Choose a still day to pick through the bin contents, because you don’t want bits of paper and plastic fluttering away. Find a flat place you can spread stuff out on, and put the tarp down if you’re using one. Tip each bin out one by one and count or photograph the contents.

If any waste is in the wrong bin, re-sort it as you go. Make a note of contamination or incorrect bin usage, so you can tackle it at the source. Make a note of what items make up the highest volume of waste, how much organic waste is in there, and what waste items you could easily replace (like plastic water bottles or coffee cups).

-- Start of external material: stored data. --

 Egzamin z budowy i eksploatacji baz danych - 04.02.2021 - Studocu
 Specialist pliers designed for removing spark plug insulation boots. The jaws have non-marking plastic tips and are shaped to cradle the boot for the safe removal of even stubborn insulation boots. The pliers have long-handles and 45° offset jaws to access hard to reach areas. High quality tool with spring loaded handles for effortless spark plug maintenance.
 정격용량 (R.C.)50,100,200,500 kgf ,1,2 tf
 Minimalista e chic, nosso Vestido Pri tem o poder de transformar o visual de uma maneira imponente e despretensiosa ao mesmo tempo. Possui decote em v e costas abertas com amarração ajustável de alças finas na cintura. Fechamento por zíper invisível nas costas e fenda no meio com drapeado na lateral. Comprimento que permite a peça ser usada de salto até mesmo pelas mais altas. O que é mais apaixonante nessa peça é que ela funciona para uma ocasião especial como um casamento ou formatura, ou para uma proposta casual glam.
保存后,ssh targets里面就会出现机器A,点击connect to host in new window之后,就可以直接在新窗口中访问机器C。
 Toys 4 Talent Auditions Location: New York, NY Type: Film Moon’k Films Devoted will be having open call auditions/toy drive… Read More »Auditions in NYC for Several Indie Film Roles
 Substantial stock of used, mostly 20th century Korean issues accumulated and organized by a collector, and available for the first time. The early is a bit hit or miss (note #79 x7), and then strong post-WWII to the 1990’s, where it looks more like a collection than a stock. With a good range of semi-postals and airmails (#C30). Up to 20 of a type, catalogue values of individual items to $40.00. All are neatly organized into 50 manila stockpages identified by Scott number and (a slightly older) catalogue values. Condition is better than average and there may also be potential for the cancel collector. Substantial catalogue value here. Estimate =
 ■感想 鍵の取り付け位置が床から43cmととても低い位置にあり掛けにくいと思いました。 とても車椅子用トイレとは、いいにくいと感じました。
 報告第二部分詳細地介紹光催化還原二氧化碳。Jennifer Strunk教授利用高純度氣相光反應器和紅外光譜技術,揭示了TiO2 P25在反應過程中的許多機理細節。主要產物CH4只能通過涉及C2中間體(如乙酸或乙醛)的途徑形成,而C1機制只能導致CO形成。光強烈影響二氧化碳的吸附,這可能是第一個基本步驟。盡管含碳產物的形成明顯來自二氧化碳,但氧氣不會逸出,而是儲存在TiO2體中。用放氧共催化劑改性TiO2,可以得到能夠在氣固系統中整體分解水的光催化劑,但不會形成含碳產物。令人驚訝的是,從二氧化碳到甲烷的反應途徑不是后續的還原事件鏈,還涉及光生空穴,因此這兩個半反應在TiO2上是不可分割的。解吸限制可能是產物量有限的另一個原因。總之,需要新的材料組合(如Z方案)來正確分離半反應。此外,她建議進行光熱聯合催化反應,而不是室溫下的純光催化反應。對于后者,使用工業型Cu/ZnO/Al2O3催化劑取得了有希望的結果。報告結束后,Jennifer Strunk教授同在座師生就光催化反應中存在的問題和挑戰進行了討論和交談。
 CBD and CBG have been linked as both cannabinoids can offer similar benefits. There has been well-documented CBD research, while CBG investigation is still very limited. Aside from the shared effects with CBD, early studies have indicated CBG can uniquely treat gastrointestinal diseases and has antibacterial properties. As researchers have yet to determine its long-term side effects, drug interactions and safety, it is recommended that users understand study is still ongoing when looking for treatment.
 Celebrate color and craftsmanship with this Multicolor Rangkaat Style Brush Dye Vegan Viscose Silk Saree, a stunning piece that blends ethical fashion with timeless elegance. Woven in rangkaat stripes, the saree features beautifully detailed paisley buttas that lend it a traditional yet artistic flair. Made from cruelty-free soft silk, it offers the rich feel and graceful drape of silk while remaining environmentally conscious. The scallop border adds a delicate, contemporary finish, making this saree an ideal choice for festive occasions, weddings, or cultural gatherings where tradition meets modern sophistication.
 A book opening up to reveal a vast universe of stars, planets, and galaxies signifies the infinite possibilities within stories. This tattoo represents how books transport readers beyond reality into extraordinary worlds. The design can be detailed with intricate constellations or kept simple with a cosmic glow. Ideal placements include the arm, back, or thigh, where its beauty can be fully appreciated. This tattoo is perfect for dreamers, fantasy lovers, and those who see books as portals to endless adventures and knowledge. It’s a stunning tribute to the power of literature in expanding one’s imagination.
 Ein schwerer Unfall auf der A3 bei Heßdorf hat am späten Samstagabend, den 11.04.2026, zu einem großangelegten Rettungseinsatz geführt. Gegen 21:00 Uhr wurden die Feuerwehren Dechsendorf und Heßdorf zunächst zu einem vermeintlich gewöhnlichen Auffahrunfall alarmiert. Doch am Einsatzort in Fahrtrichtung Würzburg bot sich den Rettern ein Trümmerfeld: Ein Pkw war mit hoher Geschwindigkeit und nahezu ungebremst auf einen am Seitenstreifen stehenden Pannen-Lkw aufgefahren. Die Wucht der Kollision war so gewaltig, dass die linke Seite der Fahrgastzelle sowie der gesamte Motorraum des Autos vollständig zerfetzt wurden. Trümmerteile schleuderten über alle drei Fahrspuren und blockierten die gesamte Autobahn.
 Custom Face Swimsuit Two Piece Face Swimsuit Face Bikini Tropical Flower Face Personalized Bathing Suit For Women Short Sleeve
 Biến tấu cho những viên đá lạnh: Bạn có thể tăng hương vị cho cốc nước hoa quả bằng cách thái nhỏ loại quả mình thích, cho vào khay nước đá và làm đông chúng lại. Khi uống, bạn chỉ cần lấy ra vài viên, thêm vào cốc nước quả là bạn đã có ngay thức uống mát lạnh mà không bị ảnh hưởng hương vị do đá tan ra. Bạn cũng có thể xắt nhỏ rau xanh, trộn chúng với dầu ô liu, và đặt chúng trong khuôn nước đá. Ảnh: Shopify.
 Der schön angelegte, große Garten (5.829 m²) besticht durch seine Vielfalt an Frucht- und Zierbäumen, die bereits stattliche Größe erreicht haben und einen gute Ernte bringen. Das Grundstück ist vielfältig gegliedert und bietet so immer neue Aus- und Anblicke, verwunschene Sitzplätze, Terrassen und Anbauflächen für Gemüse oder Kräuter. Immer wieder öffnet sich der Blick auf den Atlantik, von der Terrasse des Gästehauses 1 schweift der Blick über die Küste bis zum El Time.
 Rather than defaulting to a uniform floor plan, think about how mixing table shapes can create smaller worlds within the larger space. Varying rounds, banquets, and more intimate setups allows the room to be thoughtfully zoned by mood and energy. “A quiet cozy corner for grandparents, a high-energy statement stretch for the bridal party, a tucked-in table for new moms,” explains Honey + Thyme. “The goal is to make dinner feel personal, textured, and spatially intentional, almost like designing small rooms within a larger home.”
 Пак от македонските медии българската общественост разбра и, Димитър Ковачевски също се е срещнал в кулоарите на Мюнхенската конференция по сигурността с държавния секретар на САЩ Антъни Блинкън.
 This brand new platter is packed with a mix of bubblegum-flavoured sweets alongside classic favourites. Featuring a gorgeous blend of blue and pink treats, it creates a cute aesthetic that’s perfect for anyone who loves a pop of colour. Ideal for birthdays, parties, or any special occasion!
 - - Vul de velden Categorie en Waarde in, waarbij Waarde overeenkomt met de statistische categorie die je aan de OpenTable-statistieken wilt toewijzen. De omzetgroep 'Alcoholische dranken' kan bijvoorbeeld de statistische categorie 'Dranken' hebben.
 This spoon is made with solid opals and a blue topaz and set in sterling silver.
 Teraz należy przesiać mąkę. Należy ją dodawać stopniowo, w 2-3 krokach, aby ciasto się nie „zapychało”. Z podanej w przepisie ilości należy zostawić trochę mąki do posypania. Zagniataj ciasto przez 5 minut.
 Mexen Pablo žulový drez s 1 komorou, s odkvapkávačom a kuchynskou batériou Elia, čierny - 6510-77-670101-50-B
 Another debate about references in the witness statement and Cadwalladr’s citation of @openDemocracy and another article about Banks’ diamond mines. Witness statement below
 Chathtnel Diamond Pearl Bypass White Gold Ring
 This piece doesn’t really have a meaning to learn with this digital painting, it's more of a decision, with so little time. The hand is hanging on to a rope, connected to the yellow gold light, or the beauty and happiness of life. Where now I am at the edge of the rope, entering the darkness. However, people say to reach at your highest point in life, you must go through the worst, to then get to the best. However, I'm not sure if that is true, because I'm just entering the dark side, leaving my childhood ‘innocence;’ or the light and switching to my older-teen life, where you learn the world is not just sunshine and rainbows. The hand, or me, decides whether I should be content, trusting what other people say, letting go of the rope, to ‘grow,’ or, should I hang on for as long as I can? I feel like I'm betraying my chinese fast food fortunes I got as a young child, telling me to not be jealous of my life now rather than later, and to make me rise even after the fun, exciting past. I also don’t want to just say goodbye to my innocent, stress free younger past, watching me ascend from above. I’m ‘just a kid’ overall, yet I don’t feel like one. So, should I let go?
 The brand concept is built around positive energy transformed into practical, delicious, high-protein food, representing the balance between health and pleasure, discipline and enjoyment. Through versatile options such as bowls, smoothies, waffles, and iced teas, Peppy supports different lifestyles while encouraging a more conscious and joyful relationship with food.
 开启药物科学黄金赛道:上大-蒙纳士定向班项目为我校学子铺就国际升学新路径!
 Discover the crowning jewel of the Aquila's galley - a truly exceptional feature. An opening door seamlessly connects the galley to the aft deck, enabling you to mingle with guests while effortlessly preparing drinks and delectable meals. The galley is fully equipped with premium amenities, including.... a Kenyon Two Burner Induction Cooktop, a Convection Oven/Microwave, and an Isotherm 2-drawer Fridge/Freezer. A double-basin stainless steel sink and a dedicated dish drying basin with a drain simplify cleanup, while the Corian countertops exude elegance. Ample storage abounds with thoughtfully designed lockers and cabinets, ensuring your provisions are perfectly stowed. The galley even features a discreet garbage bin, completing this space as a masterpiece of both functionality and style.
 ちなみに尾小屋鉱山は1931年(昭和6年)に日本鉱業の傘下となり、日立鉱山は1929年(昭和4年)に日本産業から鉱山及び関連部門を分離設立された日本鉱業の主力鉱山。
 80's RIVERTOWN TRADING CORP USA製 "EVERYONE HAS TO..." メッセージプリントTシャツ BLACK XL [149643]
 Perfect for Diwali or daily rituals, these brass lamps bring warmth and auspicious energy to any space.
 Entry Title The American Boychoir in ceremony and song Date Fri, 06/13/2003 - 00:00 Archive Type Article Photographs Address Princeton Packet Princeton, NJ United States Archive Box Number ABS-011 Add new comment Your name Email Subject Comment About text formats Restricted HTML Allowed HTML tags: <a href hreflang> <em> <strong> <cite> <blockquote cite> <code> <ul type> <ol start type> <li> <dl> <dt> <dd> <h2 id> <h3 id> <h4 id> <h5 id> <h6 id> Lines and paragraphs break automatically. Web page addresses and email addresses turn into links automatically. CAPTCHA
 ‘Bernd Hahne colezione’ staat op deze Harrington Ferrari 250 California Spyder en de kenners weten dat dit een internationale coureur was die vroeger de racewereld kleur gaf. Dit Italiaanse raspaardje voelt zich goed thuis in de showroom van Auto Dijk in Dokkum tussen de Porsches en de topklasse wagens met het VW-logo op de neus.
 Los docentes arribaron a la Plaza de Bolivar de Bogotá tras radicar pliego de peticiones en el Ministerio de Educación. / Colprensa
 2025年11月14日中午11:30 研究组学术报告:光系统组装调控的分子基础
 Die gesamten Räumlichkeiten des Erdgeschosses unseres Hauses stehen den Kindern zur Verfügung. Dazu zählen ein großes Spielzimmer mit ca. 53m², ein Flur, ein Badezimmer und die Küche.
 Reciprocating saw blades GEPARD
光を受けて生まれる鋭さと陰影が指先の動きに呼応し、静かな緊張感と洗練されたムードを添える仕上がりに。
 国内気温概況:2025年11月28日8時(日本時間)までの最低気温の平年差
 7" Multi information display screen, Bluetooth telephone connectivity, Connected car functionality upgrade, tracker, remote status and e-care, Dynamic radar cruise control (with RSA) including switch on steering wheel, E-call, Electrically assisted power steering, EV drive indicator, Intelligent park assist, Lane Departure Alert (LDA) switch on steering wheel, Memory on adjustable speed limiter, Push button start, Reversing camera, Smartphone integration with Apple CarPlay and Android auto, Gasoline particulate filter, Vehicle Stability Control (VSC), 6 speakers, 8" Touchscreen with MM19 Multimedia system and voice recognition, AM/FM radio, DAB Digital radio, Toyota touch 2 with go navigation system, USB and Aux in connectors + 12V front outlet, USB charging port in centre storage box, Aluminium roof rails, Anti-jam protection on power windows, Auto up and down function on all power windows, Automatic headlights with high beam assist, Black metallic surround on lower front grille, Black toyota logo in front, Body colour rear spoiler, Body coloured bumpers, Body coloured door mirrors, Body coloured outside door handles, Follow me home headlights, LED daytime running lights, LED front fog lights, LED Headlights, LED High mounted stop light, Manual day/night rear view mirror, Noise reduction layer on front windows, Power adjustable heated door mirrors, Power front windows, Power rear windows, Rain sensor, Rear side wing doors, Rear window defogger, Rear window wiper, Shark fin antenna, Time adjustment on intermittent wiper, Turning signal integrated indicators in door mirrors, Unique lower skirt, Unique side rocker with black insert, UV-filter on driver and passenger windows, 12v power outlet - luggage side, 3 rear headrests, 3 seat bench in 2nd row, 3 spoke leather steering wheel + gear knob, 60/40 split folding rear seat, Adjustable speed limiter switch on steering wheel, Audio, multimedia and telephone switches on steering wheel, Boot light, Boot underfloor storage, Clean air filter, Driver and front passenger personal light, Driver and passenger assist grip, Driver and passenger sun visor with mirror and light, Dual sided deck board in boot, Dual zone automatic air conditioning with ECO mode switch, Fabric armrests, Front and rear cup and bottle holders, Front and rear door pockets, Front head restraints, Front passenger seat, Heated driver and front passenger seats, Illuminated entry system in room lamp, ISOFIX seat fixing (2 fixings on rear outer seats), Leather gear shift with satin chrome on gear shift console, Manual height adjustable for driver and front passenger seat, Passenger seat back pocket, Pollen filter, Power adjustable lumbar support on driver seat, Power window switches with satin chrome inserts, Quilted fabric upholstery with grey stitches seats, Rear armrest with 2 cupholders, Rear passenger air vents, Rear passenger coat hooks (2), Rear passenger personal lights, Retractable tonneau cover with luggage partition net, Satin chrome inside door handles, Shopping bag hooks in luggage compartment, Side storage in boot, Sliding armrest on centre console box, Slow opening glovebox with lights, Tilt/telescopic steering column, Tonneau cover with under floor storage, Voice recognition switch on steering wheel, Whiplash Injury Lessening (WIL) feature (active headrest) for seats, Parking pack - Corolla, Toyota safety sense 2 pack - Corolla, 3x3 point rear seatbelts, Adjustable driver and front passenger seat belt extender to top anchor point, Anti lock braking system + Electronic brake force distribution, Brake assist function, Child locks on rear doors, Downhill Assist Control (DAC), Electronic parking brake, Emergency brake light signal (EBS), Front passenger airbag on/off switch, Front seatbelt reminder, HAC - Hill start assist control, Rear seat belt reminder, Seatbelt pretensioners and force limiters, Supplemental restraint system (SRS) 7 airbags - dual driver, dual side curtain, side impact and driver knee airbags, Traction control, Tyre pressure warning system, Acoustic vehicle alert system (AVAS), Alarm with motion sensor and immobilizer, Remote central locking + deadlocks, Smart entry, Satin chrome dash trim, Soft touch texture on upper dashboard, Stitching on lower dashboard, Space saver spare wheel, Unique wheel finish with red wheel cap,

If going through your trash is all just too icky or time-consuming, the most basic thing to measure is how often you put your bins out for collection. You can note how full they are too – quarter, half, full, overflowing? Do you put all your bins out as often as possible – weekly or monthly? Can you stretch your bin frequency to every fortnight? This method won’t give you the information about what issues to work on, but it can motivate you to drop one more collection service.

For 2018 our household just consisted of myself and my son for the month of July. Last July we had a housemate, and during the year we’ve had up to seven household members at a time, plus guests. Since last year we’ve settled into the house and developed systems, like regular breadmaking, that reduce waste. I’m still finding some plastic packets of things in my pantry from ex-housemates.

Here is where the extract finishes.